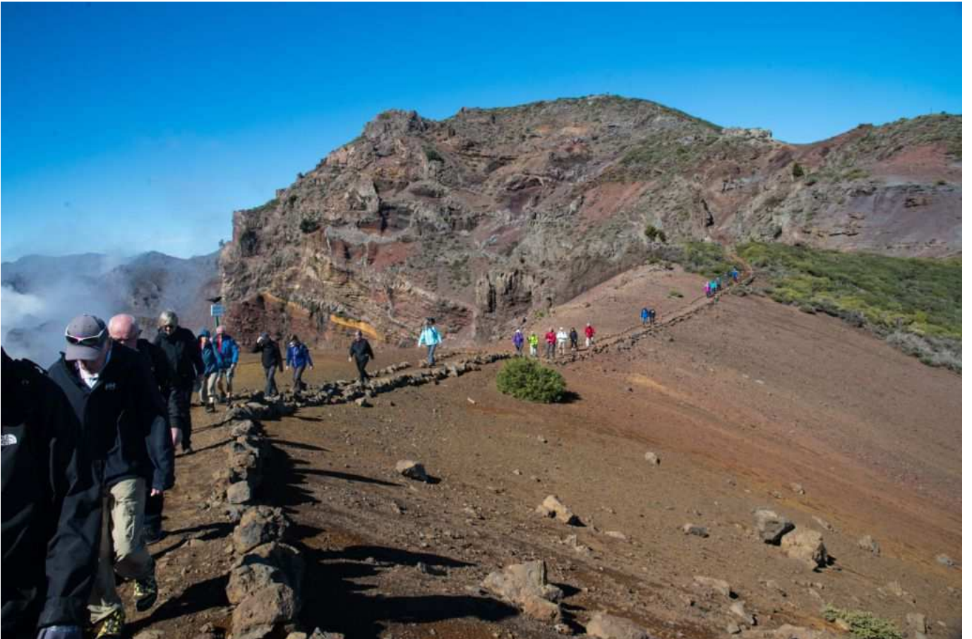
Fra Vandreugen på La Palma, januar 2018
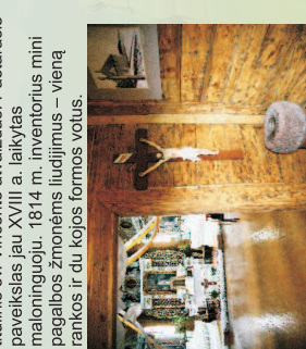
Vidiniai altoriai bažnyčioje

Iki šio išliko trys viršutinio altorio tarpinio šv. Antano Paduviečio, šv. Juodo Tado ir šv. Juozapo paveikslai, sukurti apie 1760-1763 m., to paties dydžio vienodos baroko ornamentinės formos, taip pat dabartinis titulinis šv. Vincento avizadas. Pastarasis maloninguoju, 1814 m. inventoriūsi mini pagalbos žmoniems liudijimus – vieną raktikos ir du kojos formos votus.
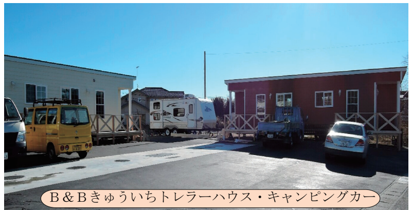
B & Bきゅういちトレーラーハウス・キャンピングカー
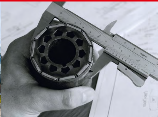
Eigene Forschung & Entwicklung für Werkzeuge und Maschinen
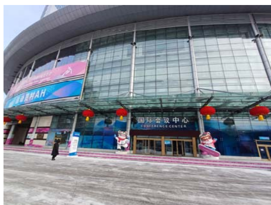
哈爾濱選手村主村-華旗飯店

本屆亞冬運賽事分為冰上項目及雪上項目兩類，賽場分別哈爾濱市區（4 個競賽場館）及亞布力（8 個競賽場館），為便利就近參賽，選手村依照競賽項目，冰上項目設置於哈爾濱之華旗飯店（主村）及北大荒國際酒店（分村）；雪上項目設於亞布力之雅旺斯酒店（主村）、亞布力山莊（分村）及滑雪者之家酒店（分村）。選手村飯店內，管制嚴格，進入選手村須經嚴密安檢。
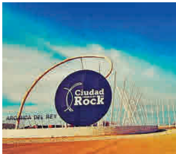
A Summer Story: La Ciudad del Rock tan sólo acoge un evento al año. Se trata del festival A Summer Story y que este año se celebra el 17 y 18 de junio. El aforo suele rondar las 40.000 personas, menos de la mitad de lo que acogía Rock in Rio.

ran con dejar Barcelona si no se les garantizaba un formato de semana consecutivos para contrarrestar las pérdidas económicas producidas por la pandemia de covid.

##############################

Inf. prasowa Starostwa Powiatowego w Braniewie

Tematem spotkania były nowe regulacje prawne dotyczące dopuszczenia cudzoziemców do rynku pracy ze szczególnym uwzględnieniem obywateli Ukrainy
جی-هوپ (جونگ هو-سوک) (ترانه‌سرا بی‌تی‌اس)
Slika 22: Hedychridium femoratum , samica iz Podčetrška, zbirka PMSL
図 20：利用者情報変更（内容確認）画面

##############################

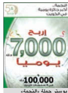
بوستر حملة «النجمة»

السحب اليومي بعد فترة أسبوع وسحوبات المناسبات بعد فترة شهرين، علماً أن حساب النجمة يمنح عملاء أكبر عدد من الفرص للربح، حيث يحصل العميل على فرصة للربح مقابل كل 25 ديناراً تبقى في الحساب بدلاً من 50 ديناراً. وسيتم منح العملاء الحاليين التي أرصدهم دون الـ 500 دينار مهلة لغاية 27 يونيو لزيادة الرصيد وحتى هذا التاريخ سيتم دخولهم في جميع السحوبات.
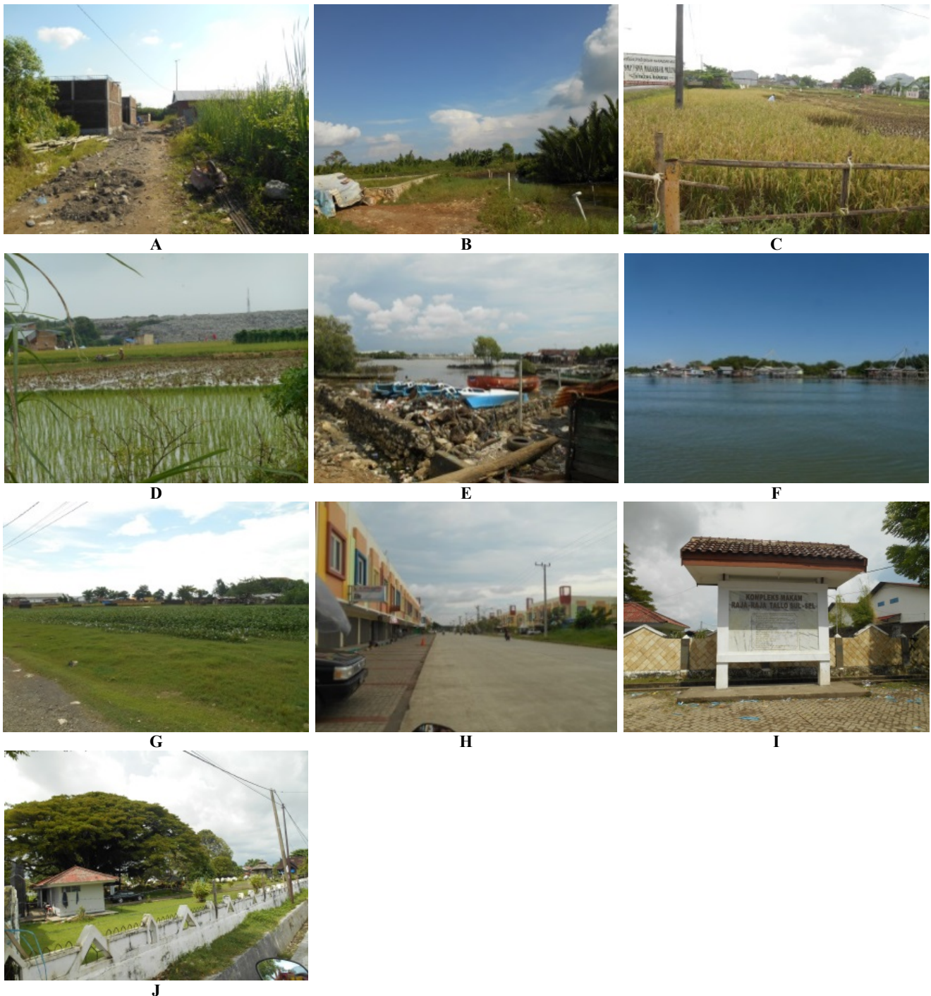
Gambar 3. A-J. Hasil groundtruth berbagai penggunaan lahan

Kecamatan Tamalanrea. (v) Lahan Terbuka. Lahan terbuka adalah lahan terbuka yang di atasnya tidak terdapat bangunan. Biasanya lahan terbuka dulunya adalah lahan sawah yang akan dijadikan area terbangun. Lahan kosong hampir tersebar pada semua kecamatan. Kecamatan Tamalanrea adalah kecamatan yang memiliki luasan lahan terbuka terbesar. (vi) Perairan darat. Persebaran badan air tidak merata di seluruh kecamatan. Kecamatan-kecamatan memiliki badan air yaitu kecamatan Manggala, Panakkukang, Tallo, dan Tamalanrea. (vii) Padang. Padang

##############################

• Description of the task:
Could you repeat, exactly, only the lines above starting at the one that has "Fra Vandreugen på La Palma, januar 2018" and stopping after the one that has "Vidiniai altoriai bažnyčioje", without the pictures?

• The answer:
Fra Vandreugen på La Palma, januar 2018
Vidiniai altoriai bažnyčioje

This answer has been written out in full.